A little stick figure with a wedge-shaped head shuffles across the screen. It moves in a half crouch, dragging one knee along the ground. It’s walking! Er, sort of.
Yet Rui Wang is delighted. “Every day I walk into my office and open my computer, and I don’t know what to expect,” he says.
An artificial-intelligence researcher at Uber, Wang likes to leave the Paired Open-Ended Trailblazer, a piece of software he helped develop, running on his laptop overnight. POET is a kind of training dojo for virtual bots. So far, they aren’t learning to do much at all. These AI agents are not playing Go, spotting signs of cancer, or folding proteins—they’re trying to navigate a crude cartoon landscape of fences and ravines without falling over.
But it’s not what the bots are learning that’s exciting—it’s how they’re learning. POET generates the obstacle courses, assesses the bots’ abilities, and assigns their next challenge, all without human involvement. Step by faltering step, the bots improve via trial and error. “At some point it might jump over a cliff like a kung fu master,” says Wang.
It may seem basic at the moment, but for Wang and a handful of other researchers, POET hints at a revolutionary new way to create supersmart machines: by getting AI to make itself.
Wang’s former colleague Jeff Clune is among the biggest boosters of this idea. Clune has been working on it for years, first at the University of Wyoming and then at Uber AI Labs, where he worked with Wang and others.
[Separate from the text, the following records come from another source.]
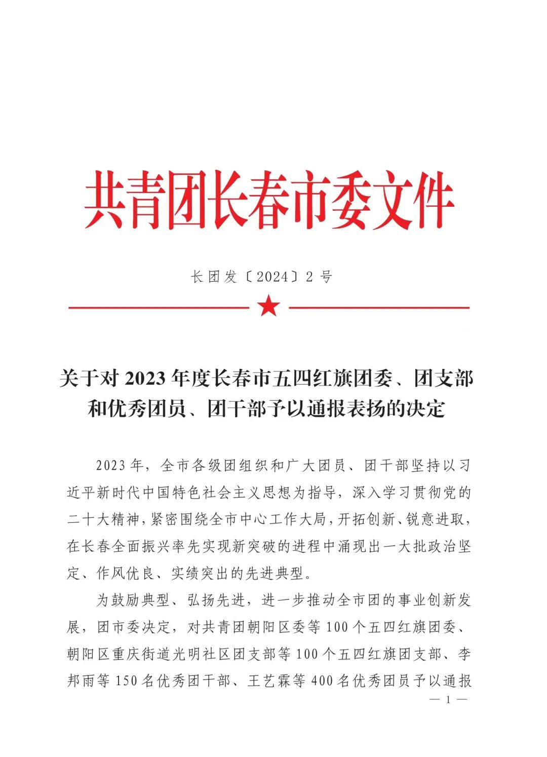 共青团长春市委于近日公布了2023年度“长春市优秀团员”评选结果,米兰官网210903班杨茉同学荣获2023年度“长春市优秀团员”荣誉称号。
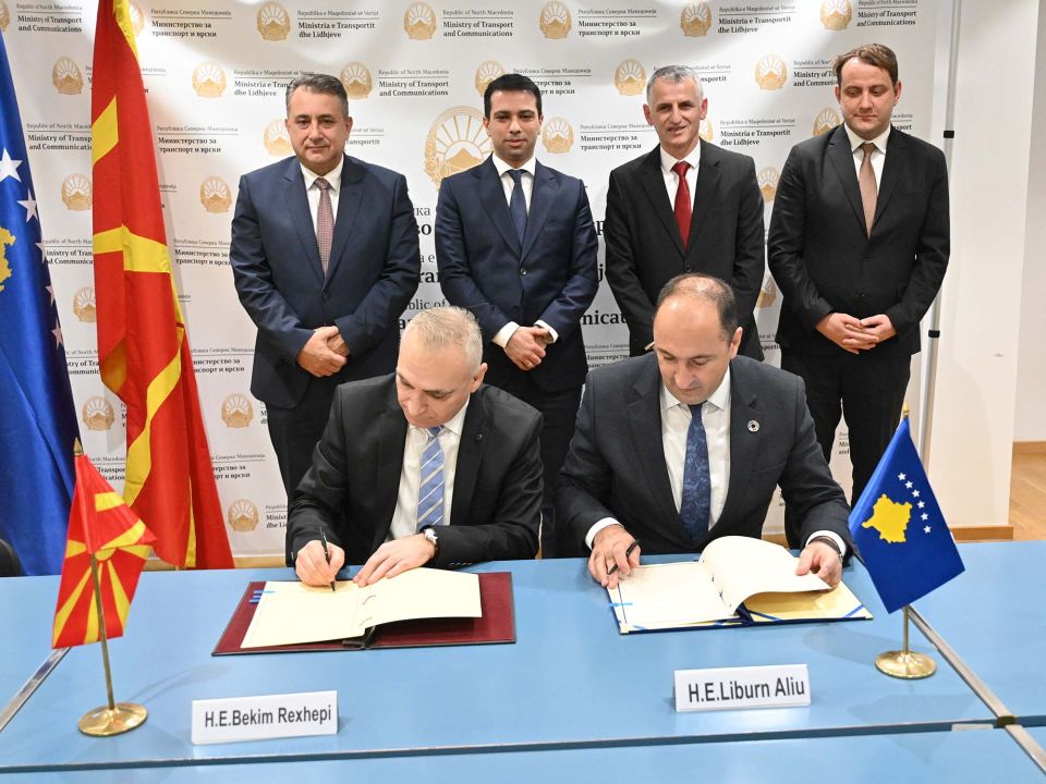 Заменик министерот за транспорт и врски, Беким Реџепи и министерот за животна средина, просторно планирање и инфраструктура на Република Косово, Либурн Алиу, го потпишаа Договорот за кофинансирање за проектирање за изградба на тунелот на новиот патен правец Тетово – Призрен.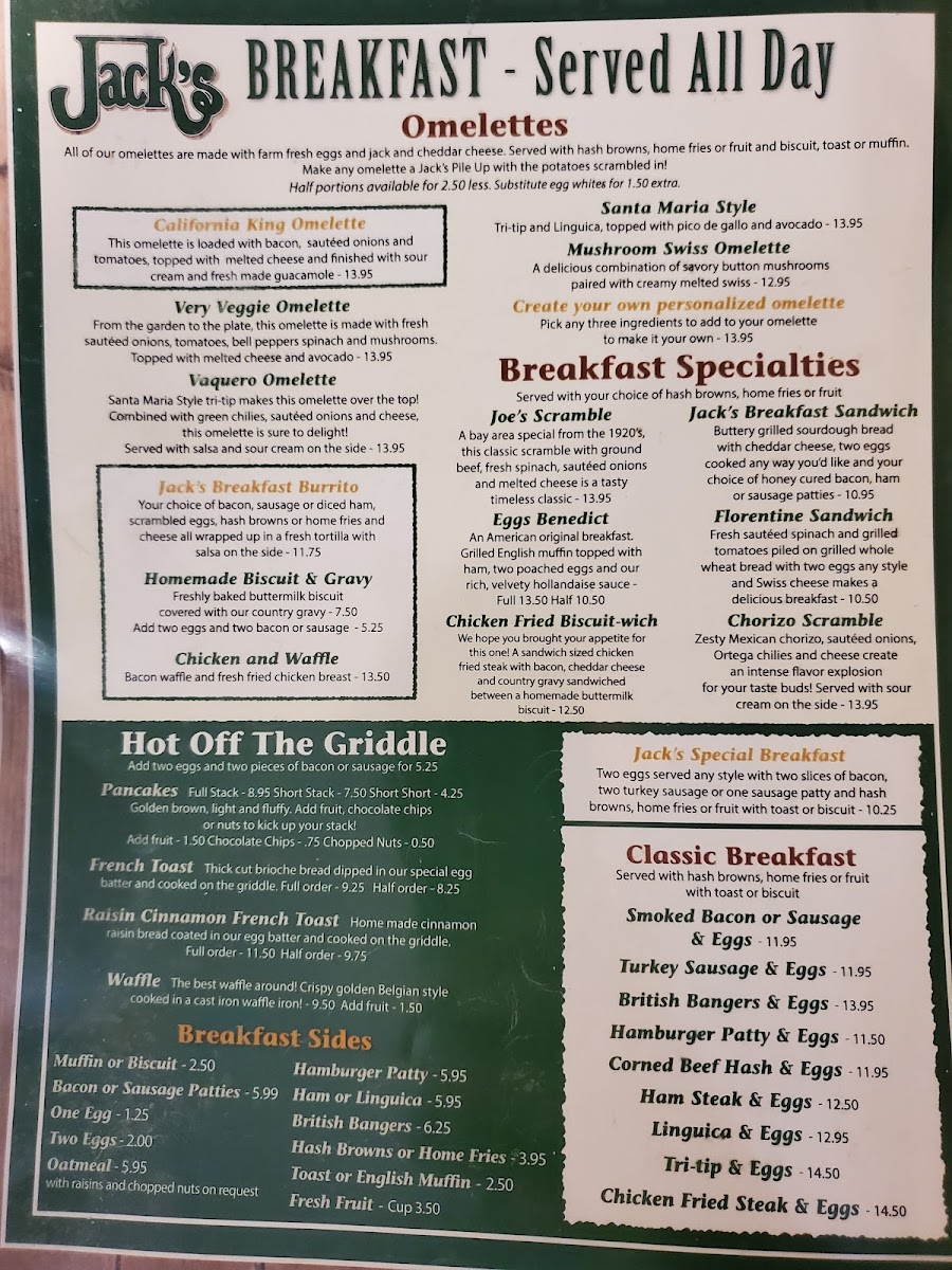 Welcome to Jack's In Old Orcutt, a charming eatery nestled in the heart of Orcutt, California. Known for its unpretentious yet delicious comfort food, this local gem offers a menu that fits every craving—from hearty breakfasts to satisfying dinners.

Now dividing his time between the University of British Columbia and OpenAI, he has the backing of one of the world’s top artificial-intelligence labs.
Clune calls the attempt to build truly intelligent AI the most ambitious scientific quest in human history. Today, seven decades after serious efforts to make AI began, we’re still a long way from creating machines that are anywhere near as smart as humans, let alone smarter. Clune thinks POET might point to a shortcut.
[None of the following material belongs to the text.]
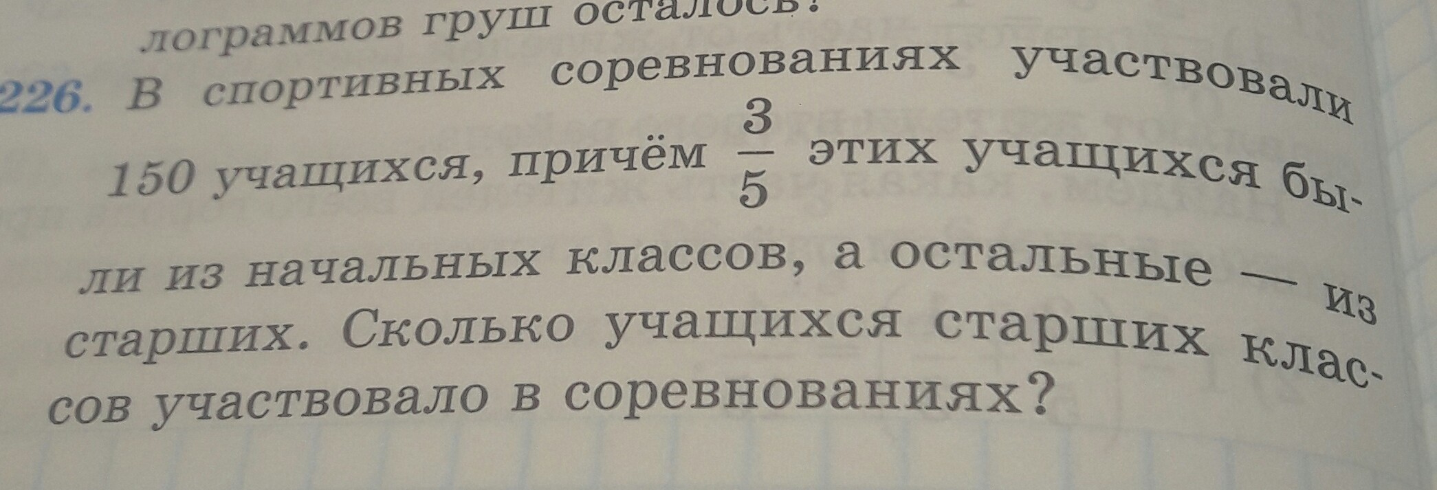 в спортивных соревнованиях участвовали 150 учащихся, причём 3/5 этих учащихся были из начальных классов, а остальные из старших. Сколько учащихся старших классов участвовало в соривнованиях?

“We need to take the shackles off and get out of our own way,” he says.
If Clune is right, using AI to make AI could be an important step on the road that one day leads to artificial general intelligence (AGI)—machines that can outthink humans. In the nearer term, the technique might also help us discover different kinds of intelligence: non-human smarts that can find solutions in unexpected ways and perhaps complement our own intelligence rather than replace it.
I first spoke to Clune about the idea early last year, just a few weeks after his move to OpenAI. He was happy to discuss past work but remained tight-lipped on what he was doing with his new team. Instead of taking the call inside, he preferred to walk up and down the streets outside the offices as we talked.
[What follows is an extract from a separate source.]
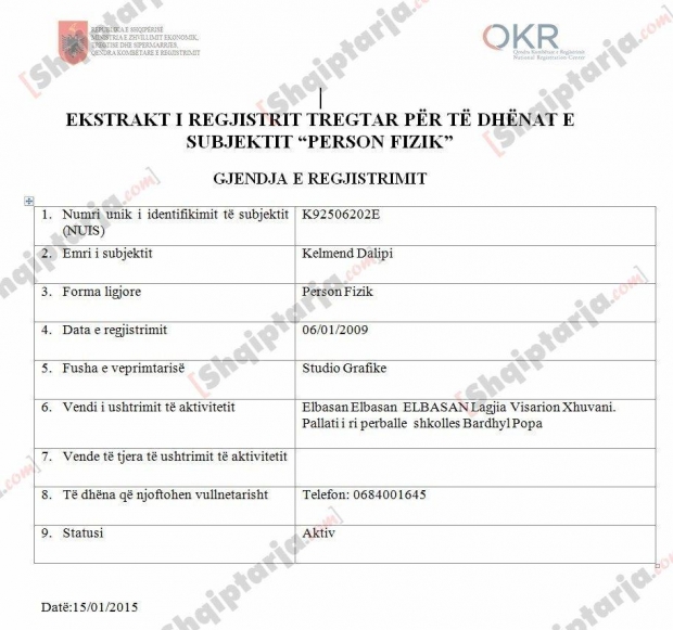 (Në foto: Studio Grafike e regjistruar në emër të të arrestuarit Klemend Dalipi)

All Clune would say was that OpenAI was a good fit. “My idea is very much in line with many of the things that they believe,” he says. “It was kind of a marriage made in heaven. They liked the vision and wanted me to come here and pursue it.” A few months after Clune joined, OpenAI hired most of his old Uber team as well.
Clune’s ambitious vision is grounded by more than OpenAI’s investment. The history of AI is filled with examples in which human-designed solutions gave way to machine-learned ones. Take computer vision: a decade ago, the big breakthrough in image recognition came when existing hand-crafted systems were replaced by ones that taught themselves from scratch. It’s the same for many AI successes.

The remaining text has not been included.